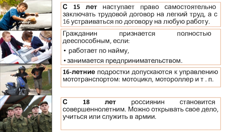 С 18 лет россиянин становится совершеннолетним. Можно открывать свое дело, учиться или служить в армии.
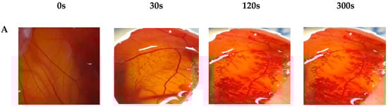 2.3.5. In Vitro Hen’s Egg Test on the Chorioallantoic Membrane (HET-CAM)
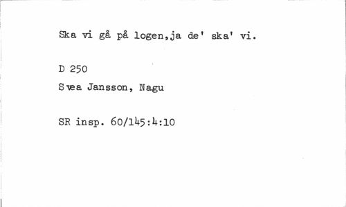 //// Ska vi gå på logen,ja de' ska' vi. D 250 //// S\ea Jansson, Nagu SR insp. 60/1U5:U:10 ////
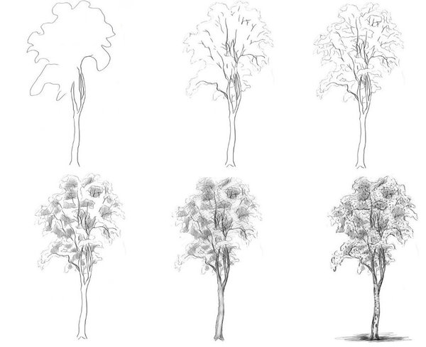 как нарисовать дерево карандашом поэтапно
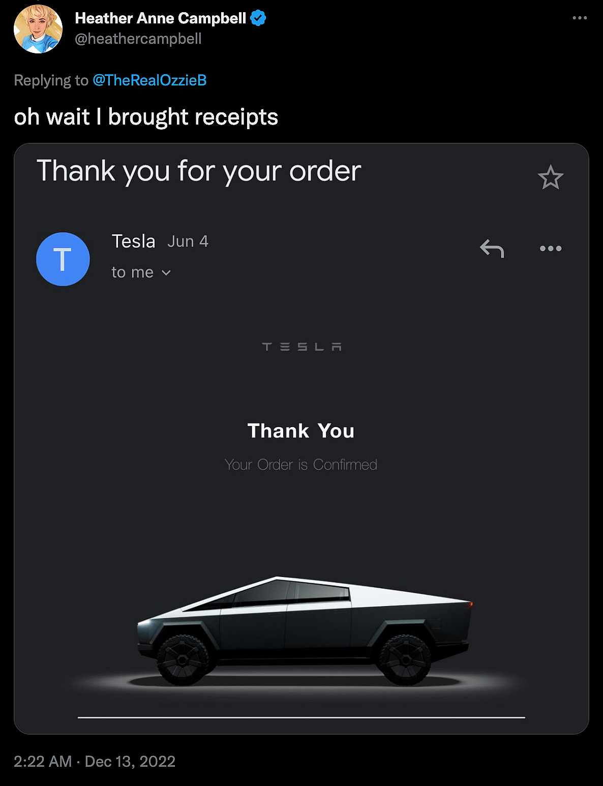 As proof that she not only placed an order but it did it before publishing her initial tweet, Campbell shared a screenshot of an email from Tesla customer support confirming that she had made her reservation in June of this year (Gmail only lists a date’s year if it is not the current calendar year).

### PROBLEM TO WORK ON
Please copy out each line above exactly as written, but not the pictures.

### ANSWER BOX
 С 18 лет россиянин становится совершеннолетним. Можно открывать свое дело, учиться или служить в армии.
 2.3.5. In Vitro Hen’s Egg Test on the Chorioallantoic Membrane (HET-CAM)
 //// Ska vi gå på logen,ja de' ska' vi. D 250 //// S\ea Jansson, Nagu SR insp. 60/1U5:U:10 ////
 как нарисовать дерево карандашом поэтапно
 As proof that she not only placed an order but it did it before publishing her initial tweet, Campbell shared a screenshot of an email from Tesla customer support confirming that she had made her reservation in June of this year (Gmail only lists a date’s year if it is not the current calendar year).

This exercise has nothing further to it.